Though now 54 years old, Bono nails the falsetto on “California’s” chorus, which complements the song’s verses perfectly. Instead of focusing on the hard times, the protagonist admits that the only thing he needs to know is that love is infinite — and that’s enough to get an individual through the tough times.
“I didn’t call you,
Words can scare a thought away
Everyone’s a star in our town
It’s just your light gets dimmer if you have to stay
In your bedroom, in a mirror
Watching yourself cry like a baby
California, blood orange sunset brings you to your knees
I’ve seen for myself,
There’s no end to grief
That’s how I know, and why I need to know that there is no end to love”

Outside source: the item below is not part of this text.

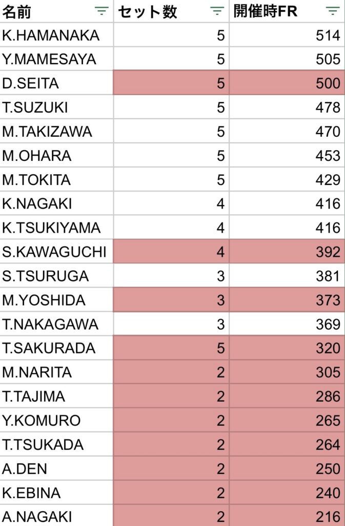 参加者のfargorateとセット数(赤字は200セット未消化)

Now far removed from his youth, Bono offers salient points regarding youth itself. It would’ve been far easier for Bono, The Edge, Larry Mullen Jr., and Adam Clayton to stay in Dublin and not have any aspirations. The same applies to young adults today. It’s very easy to wallow in self-pity and watch our star fade, but it’s imperative to realize that even if there is no end to grief, sadness and depression, that the inverse is equally true (and more important) — there is no end to love.
“California” reaches a breakdown after its second chorus, before The Edge quickly explodes with a minimalistic guitar solo. Bono wails “California’s” chorus one last time, before adding a lyrical coda to end the song:
“We come and go
Stolen days you don’t give back
Stolen days are just enough”
No, we aren’t going to be on this planet forever, but we have to take what life gives us — after all, it’s all we’ve got.
“California” was actually one of my least-favorite songs off of Innocence upon first listens, but it’s now easy to recognize the song as one of the best pop songs U2 have recorded — and that’s saying a lot.